(TO DO)
Exact transcription begins at the first line of the material below and ends with the line holding "Bồn cầu 1 khối là"; pictures are skipped.

(DATA SHOWN)
------------------------

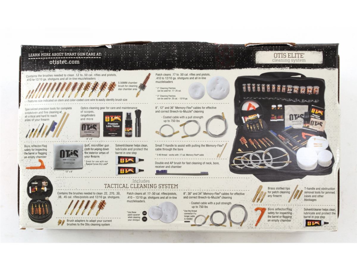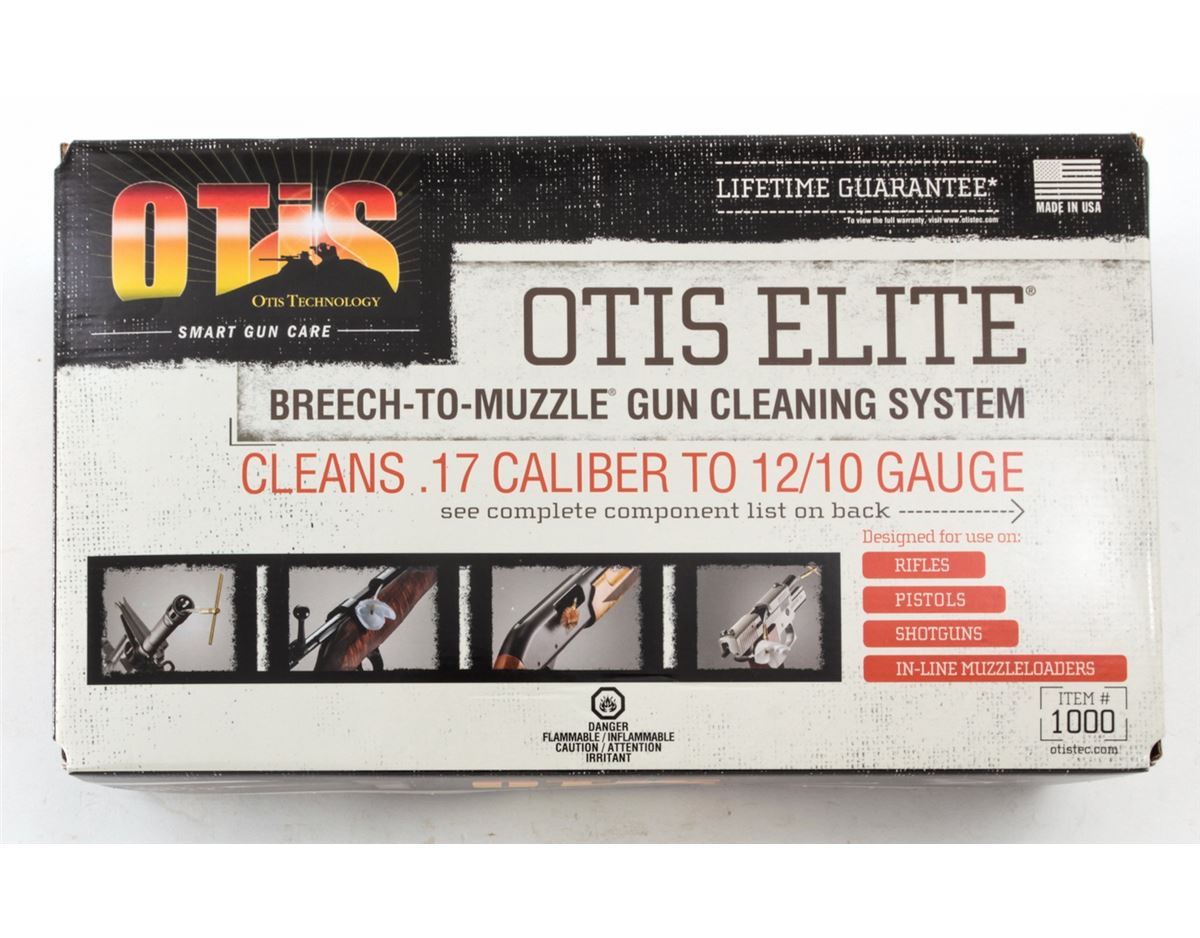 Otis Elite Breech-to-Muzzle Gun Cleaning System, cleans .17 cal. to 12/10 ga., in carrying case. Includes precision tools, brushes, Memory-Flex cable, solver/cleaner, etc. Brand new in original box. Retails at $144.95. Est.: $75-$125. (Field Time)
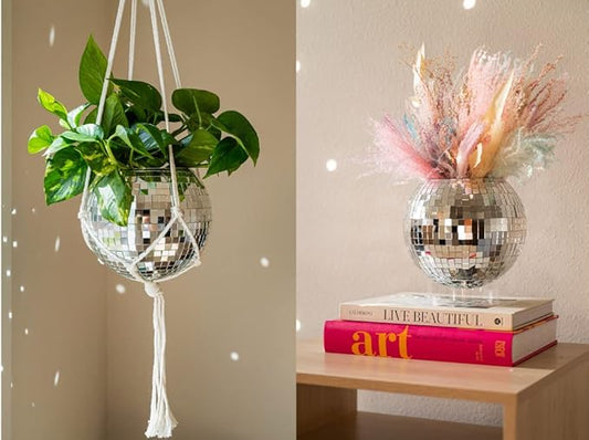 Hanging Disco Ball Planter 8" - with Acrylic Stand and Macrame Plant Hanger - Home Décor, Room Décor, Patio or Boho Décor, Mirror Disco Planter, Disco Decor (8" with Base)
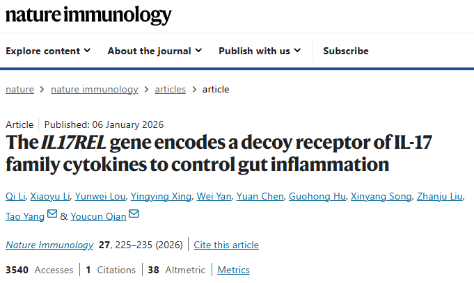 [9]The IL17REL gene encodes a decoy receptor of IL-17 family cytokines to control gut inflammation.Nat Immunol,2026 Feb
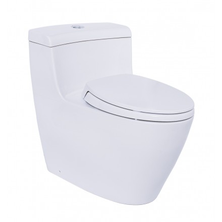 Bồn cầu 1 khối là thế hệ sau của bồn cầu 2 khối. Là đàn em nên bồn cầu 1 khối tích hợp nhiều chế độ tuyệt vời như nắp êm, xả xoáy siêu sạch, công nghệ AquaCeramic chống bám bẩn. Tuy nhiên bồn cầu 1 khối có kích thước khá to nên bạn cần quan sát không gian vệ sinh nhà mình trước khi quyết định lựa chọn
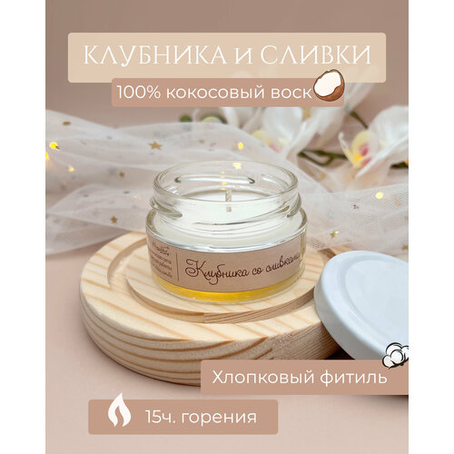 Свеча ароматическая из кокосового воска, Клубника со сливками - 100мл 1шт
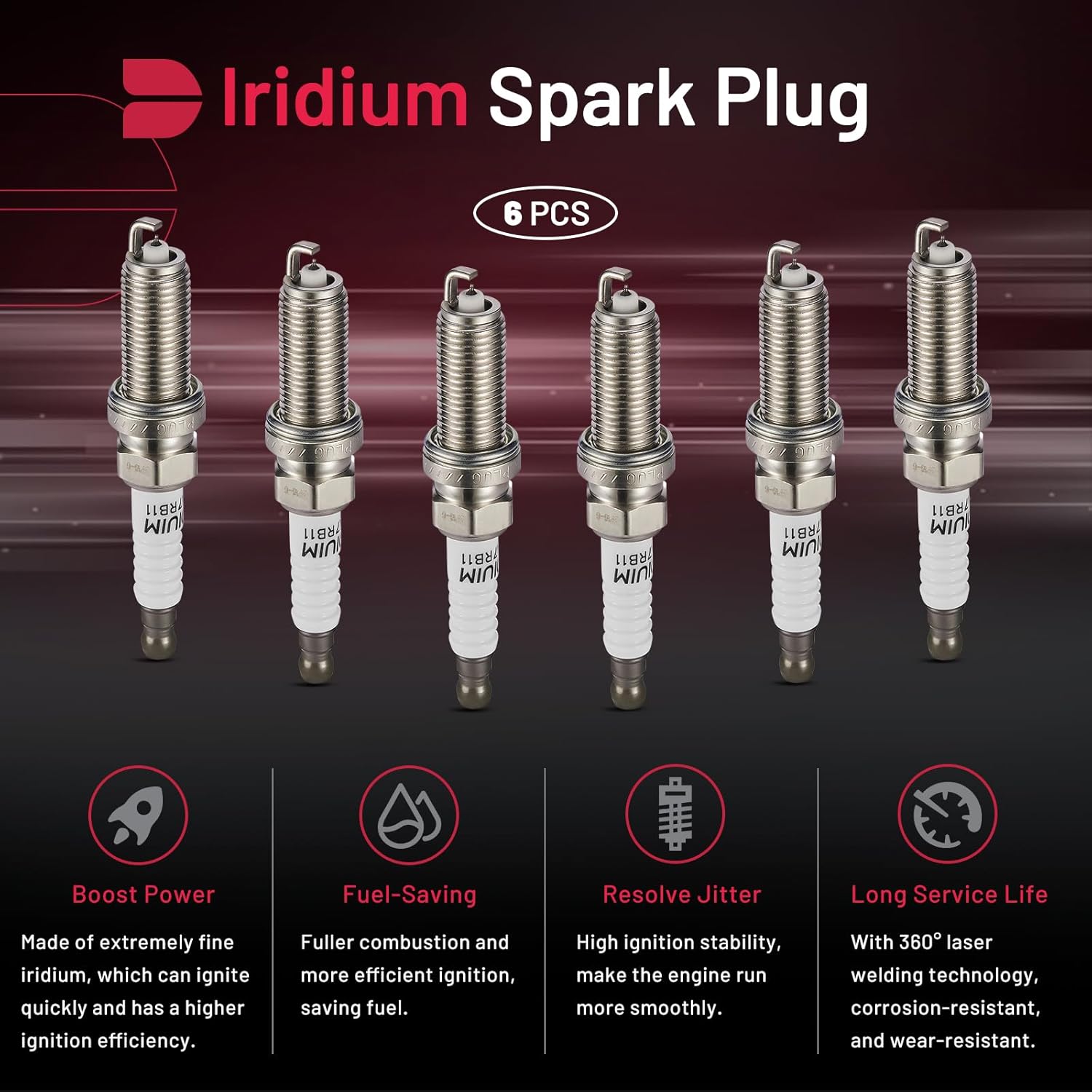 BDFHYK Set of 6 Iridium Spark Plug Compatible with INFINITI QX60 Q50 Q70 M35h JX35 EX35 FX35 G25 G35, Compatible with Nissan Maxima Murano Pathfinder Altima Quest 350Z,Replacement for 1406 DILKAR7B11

------------------------

(EXPECTED OUTPUT)
 Otis Elite Breech-to-Muzzle Gun Cleaning System, cleans .17 cal. to 12/10 ga., in carrying case. Includes precision tools, brushes, Memory-Flex cable, solver/cleaner, etc. Brand new in original box. Retails at $144.95. Est.: $75-$125. (Field Time)
 Hanging Disco Ball Planter 8" - with Acrylic Stand and Macrame Plant Hanger - Home Décor, Room Décor, Patio or Boho Décor, Mirror Disco Planter, Disco Decor (8" with Base)
 [9]The IL17REL gene encodes a decoy receptor of IL-17 family cytokines to control gut inflammation.Nat Immunol,2026 Feb
 Bồn cầu 1 khối là thế hệ sau của bồn cầu 2 khối. Là đàn em nên bồn cầu 1 khối tích hợp nhiều chế độ tuyệt vời như nắp êm, xả xoáy siêu sạch, công nghệ AquaCeramic chống bám bẩn. Tuy nhiên bồn cầu 1 khối có kích thước khá to nên bạn cần quan sát không gian vệ sinh nhà mình trước khi quyết định lựa chọn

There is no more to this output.